Camden High School has reached back to its rich past to find a basketball coach to lead the Panthers into the future.
Vic Carstarphen, who won two state titles as superb point guard for Camden in the 1980s, will be named the program's head coach, the Inquirer has learned.
Carstarphen, who also was a standout player at Temple, will replace John Valore, who resigned after last season. Carstarphen was Valore's top assistant for the former coach's five seasons in charge of South Jersey's most fabled boys' basketball program.
Carstarphen's hiring will end a dizzying coaching search that included a persistent rumor that former St.
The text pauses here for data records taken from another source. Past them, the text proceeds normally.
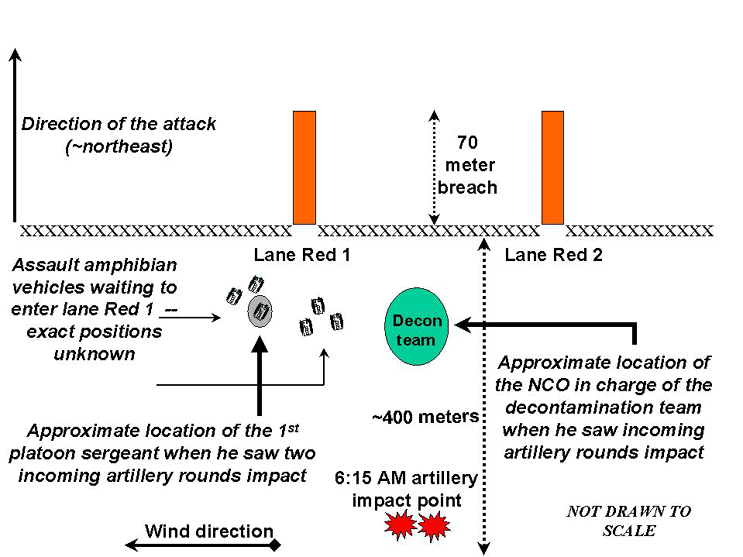 Figure 14. Approximate location of incoming artillery's impact area and the two witnesses.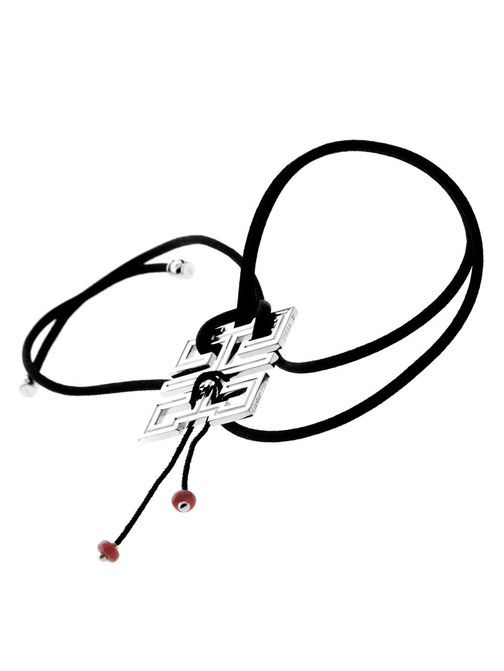 The Carthttier Le Baiser Du Dragon Necklace is made from 18-karat white gold, featuring an intricate geometric design. Two ruby beads dangle from the pendant to enhance the piece. In forming the necklace pendant, Carthttier's artisans included raised sections that add interest to the accessory.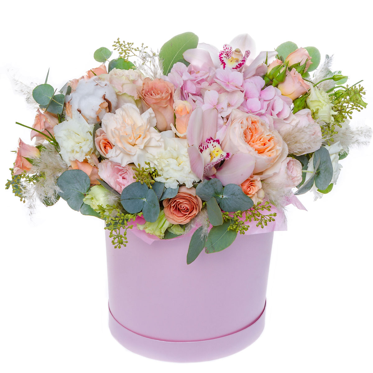 Гортензия розовая, роза пионовидная персиковая, орхидея розовая, гвоздика кремовая, эустома белая, сухоцвет, эвкалипт. Упаковка (шляпная коробка, квадратный бокс, коробка сердце, оазис)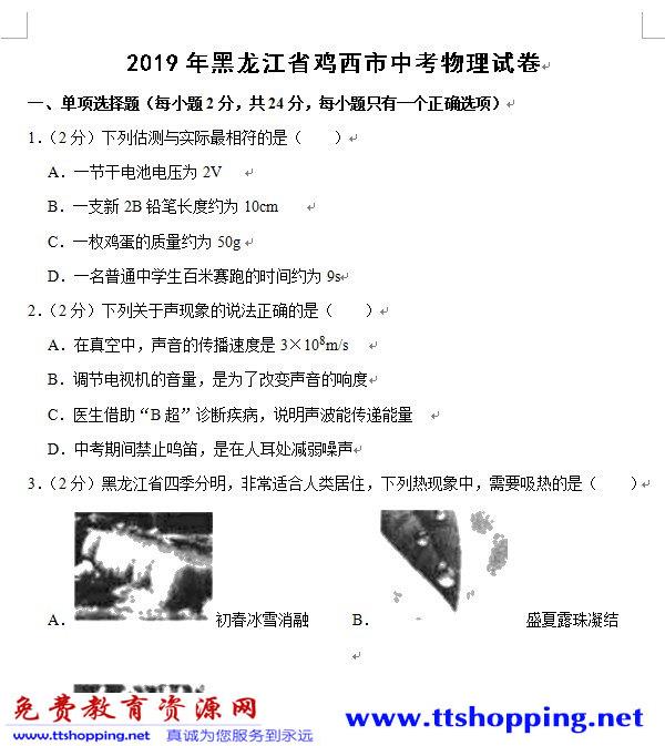 当前位置:免费教育资源网 → 下载 → 物理试题 → 中考试题→ 2019年黑龙江省鸡西市中考物理试卷(word版 含答案) 免费下载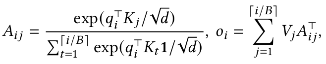 그리고 이전에 Transformer 리뷰에서 사용하였던 Attention 연산 수식에 이 블록들을 대입 할 수 있게 되는데, 그렇게 대입을 해보면 다음과 같이 작성 할 수 있다.

Anthony of Jersey City coach Bob Hurley, a Naismith Hall of Famer, was interested in taking the reins of the Camden program.
Hurley put the rumor to rest on Monday, saying he had "no idea" how speculation started that he would be Camden's coach.
"I haven't been in Camden County since I ate a cheesesteak there after a Temple game on Feb. 1, " Hurley said. "Camden has a great tradition. St. Anthony has a great tradition. But there never will be a common denominator."
Former Winslow Twp. coach Norm Ingram and former Woodbury coach Kenny Avent also are believed to have interviewed for the position.
Carstarphen was a star player for Camden during the program's glory years under legendary coach Clarence Turner in the 1980s. He helped the Panthers to Group 4 state titles in 1986 and 1987.
He started his college career at Cincinnati. He transferred to Temple and led the Owls to an appearance in the Elite Eight of the 1991 NCAA tournament.
Carstarphen is popular with several generations of Camden alumni and could be seen as a coach who will reunite several factions of former Camden players.
The hiring of Valore, while endorsed by some former players, also led some prominent athletes of the past to disengage from the program because they viewed Valore as an outsider who had coached Cherry Hill East, a Camden rival, for 35 years.
Carstarphen is a Camden guy, through and through. He grew up in the downtown area of the city, near 5th and Spruce. He went to Wiggins Elementary school and made an early name for himself on the playgrounds near his home.
He and one of his closest friends, former Camden star forward Denny Brown, played on a Cramer Hill Boys' Club team with future Woodrow Wilson stars Ron Damon and Eric Taylor, who would be sophomore starters for the Tigers' team that won the Group 3 state title in 1985.
"We almost followed those guys to Wilson," Carstarphen once said. "But we knew it had to be Camden High."
Carstarphen was a sophomore starter for the 1986 Camden team that went 30-0 and was ranked No. 1 in the nation by USA Today. Those Panthers were South Jersey's last unbeaten team.
In 1987, Carstarphen was part of another Group 4 state title team. The Panthers nearly made it three in a row, but the 1988 team lost in the state final to an Elizabeth team that featured 7-foot-1 Luther Wright.
"I'm still not over that game," Carstarphen says all the time.
Now he has a chance to lead the Panthers back to state prominence and back to another state title, to capture the program's elusive 12th crown.
This time, he'll show the way from the sidelines.